Common Mistakes to Avoid

  • Overbaking the cookie layers: They should be just set, not crisp.

    Overbaking leads to crumbly edges that don’t cut cleanly.

  • Using very runny yogurt: Thin yogurt leads to icy filling. Stick with Greek yogurt for thickness and creaminess.
  • Skipping the chill: If the top cookie layer isn’t chilled, it can tear when transferred. Chilling makes it easier to handle.
  • Cutting too soon: If not fully set, the filling squishes out.

    Freeze until firm, then slice.

  • Too much sweetener: Over-sweetening can create a cooling aftertaste with erythritol. Start small and taste as you go.

Alternatives

  • Dairy-free: Use a thick dairy-free yogurt (like coconut-based Greek-style) and a plant-based protein powder. Add a spoonful of nut butter to boost creaminess.
  • Flavor swaps: Try chocolate protein with a peanut butter swirl, vanilla protein with cinnamon, or add peppermint extract for a mint-chocolate version.
  • Different sweeteners: Allulose creates a less “cooling” sweetness and can keep the filling softer.

    Stevia blends also work—adjust to taste.

  • Cookie variations: Replace cocoa with extra almond flour and add cinnamon for a snickerdoodle-style shell. Or use hazelnut flour for a Nutella-like vibe.
  • Chunky mix-ins: Fold in crushed roasted peanuts, toasted coconut, or freeze-dried strawberries for texture and flavor.

FAQ

Can I use regular yogurt instead of Greek yogurt?

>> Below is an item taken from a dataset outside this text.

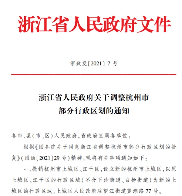 據《通知》發布,撤銷杭州市上城區、江干區,設立新的杭州市上城區,以原上城區、江干區的行政區域(不含下沙街道、白楊街道)為新的上城區的行政區域,上城區人民政府駐望江街道望潮路77號。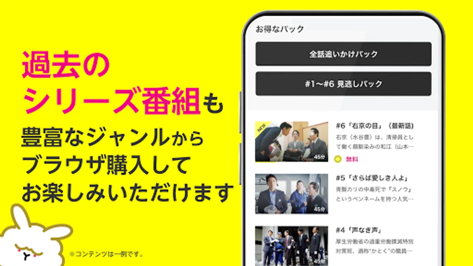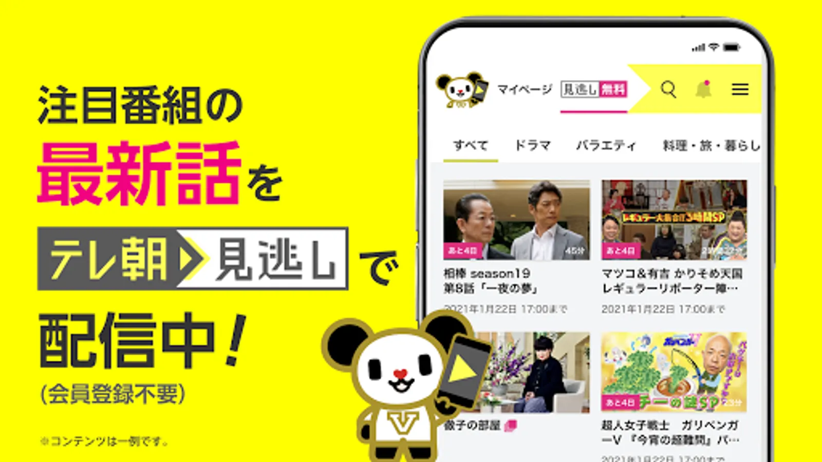 As the official video service of TV Asahi, "Tele Asahi Video" provides overlooked distribution and archive distribution of programs broadcast on TV Asahi terrestrial broadcasting, as well as distribution of original programs and live distribution of sports and events. The distribution titles cover a wide range of genres such as dramas, variety shows, anime heroes, and idols. A full story pack of all episodes chasing a great deal on programs broadcast on TV Asahi terrestrial broadcasting is also available. You can enjoy your favorite programs from our extensive free and paid content lineup.

You can, but the filling will be thinner and more icy. Strain regular yogurt through a fine mesh sieve or cheesecloth for a few hours to mimic Greek yogurt thickness.

What protein powder works best?

A whey-casein blend creates the creamiest texture and sets well in the freezer.

Pure whey works, but may be slightly icier. Plant-based protein can be used, but you may need extra almond milk for smooth mixing.

How do I prevent the cookie layers from sticking?

Use parchment with overhang and a light mist of nonstick spray. Let the bottom layer cool before adding the filling, and chill the top layer so it lifts cleanly.

Can I make these without baking?

Yes.

Skip the baking powder and egg. Make a no-bake crust with almond flour, cocoa, sweetener, a pinch of salt, and 3–4 tablespoons melted coconut oil. Press half into the pan, add filling, top with remaining crust, and freeze.

The texture is softer but still delicious.

How many carbs are in each bite?

Exact macros depend on your ingredients and portion size. As a ballpark, a small square may land around 3–5g net carbs and 5–8g protein. For accuracy, calculate using your specific brands and serving sizes.

Why is my filling icy?

Too much liquid or low-fat yogurt can cause iciness.

Use thicker Greek yogurt, don’t over-thin with almond milk, and consider a whey-casein blend for a creamier set.

Can I double the recipe?

Absolutely. Use a 9×13-inch pan and add 2–3 minutes to the par-bake time for the bottom layer. Freeze slightly longer before cutting.

Do these travel well?

They’re best kept frozen until serving.

For parties, store in a cooler with ice packs and serve within 30–45 minutes for ideal texture.

In Conclusion

These High Protein Low Carb Ice Cream Sandwich Bites bring together the best of both worlds: a real-deal dessert feel with smart nutrition. They’re easy to prep, freezer-friendly, and endlessly customizable. Keep a batch on hand for sweet cravings, post-workout snacks, or a quick treat you can feel good about.

Simple ingredients, satisfying texture, and a flavor that actually hits the spot—exactly what a better-for-you dessert should be.